0730: Wake up and realise that I have overslept. Take a quick shower and run out the door to catch the bus.
0800: Catch the bus and doze off for fifteen minutes.
0820: Get to my office and realise that I forgot the keys at home. The next ten minutes is spent trying to find someone who has a master key.
0830: I finally get into my office. I spend the next half hour looking at the data from last night's big, bright, exciting gamma-ray burst.
0900: The dreaded Mission Operations Control daily teleconference. I waste an hour on the phone when I would much rather be looking at data, or even getting a root canal done.
1015: The weekly Swift/UVOT (UltraViolet/Optical Telescope) science teleconference takes place. Everyone is all atwitter about the big, bright, exciting gamma-ray burst that happened last night (and kept me up until one in the morning). We decide to write a paper on it and I get assigned the task of analysing the way that the optical and ultraviolet light faded.

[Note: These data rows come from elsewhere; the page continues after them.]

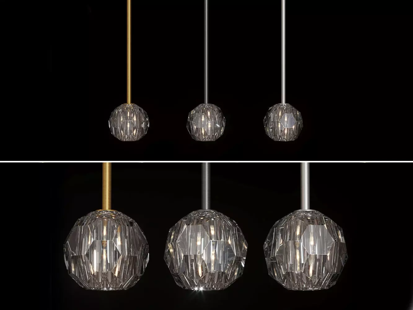 BOULE DE CRISTAL SINGLE ROD PENDANT (Brass, Nickel, Black)DIMENSIONSOverall: 5diam., 72H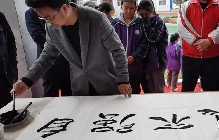 ——書法美術展示,實踐以美育人。藝術學院教師余昭為洛南縣古城鎮(zhèn)中心小學、三要中學學生舉辦了書法講座和美術作品展,他從筆畫、字型、結構、神韻等方面講解了毛筆書法的基礎知識,現(xiàn)場示范毛筆書法的用筆技巧并捐贈了自己的書法作品。此外,他還展示并講解了我校學生優(yōu)秀素描作品30余幅。活動引導青少年在藝術作品中發(fā)現(xiàn)美,感受美,增強了他們對毛筆書法、傳統(tǒng)文化、以及美術作品的藝術感知,培養(yǎng)了他們對藝術作品鑒賞能力和審美素養(yǎng),生動踐行了“以美育人,以文化人”。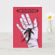 Diseño gótico espeluznante con un monstruo de la flor negra malvado con dientes cortantes mordiendo una mano que sale de un círculo rojo sobre fondo gris oscuro. Este extraño ilustracion inspirado en el horror en gris, rojo y negro atraerá a una persona a la que le gusta el estilo gótico y el inusual arte oscuro. Esta inusual carta tiene el texto de personalizable "Halloween feliz" en su parte delantera.

1130: I spend the next hour and a half analysing the data and having a grand old time. This is the best part of my job.
1300: Buy a sandwich at the canteen and take it back to my desk. No lunch hour for the dedicated.1315: Spend the next three hours or so working on the gamma-ray burst data. It looks good!

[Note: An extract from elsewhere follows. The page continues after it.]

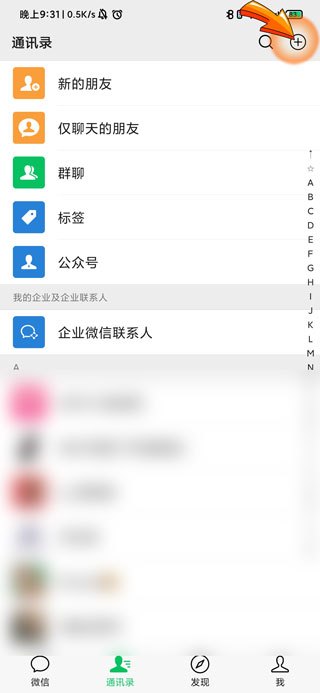 1、微信搜索微信号首先需要打开微信APP,点击页面右上角的“加号”图标。

1600: Yet another teleconference. We prattle on to each other for about an hour and accomplish essentially nothing. I spend far to much of my time talking to people.1700: Work on the gamma-ray burst data some more.
1740: Get a ride home with the person a couple of offices down.
1750: Arrive home, change my shoes, and go to T`ai Chi class.
1800: Spend two hours doing T`ai Chi. All stress seeps out of me and into the ground, where I never need to worry about it again.
2000: Go shopping for something for supper. I buy an ham steak, a quart of milk, a loaf of bread, some breakfast cereal, and a small box of cookies. Junk food rules.
2030: Arrive home and make supper. I make a rosti (potato pancake) and fry up half of the ham steak. Serve it with a green salad and drink a couple of glasses of water. For dessert I pig out on cookies.
2100: Socialize with my roommate for an hour or so, and learn more than I ever imagined about artificial legs.
2200: Write today's blog entry.
2230: Go to bed and read a chapter or two of Neverwhere (a great book).
2300: Go to sleep.
Living in the DC (well, okay, technically I am living in Maryland) is a bit like having a vineyard on the slopes of Mt Etna: know what is going to happen, you just hope that it happens when you are somewhere else. Fortunately, there are too many good things in life to spend much time worrying about what might happen. I am at much greater risk when I cross the street to get to work each morning than I am from an atomic attack. The odds of me dying of food poisoning dwarf the odds of me dying from biological weapons. The most dangerous chemical threat in my life is the cat's litter box. I do want to live forever, but I do not want to spend that eternity worried about what I can not control. This map was intended to scare me, but in the end it just reassured me.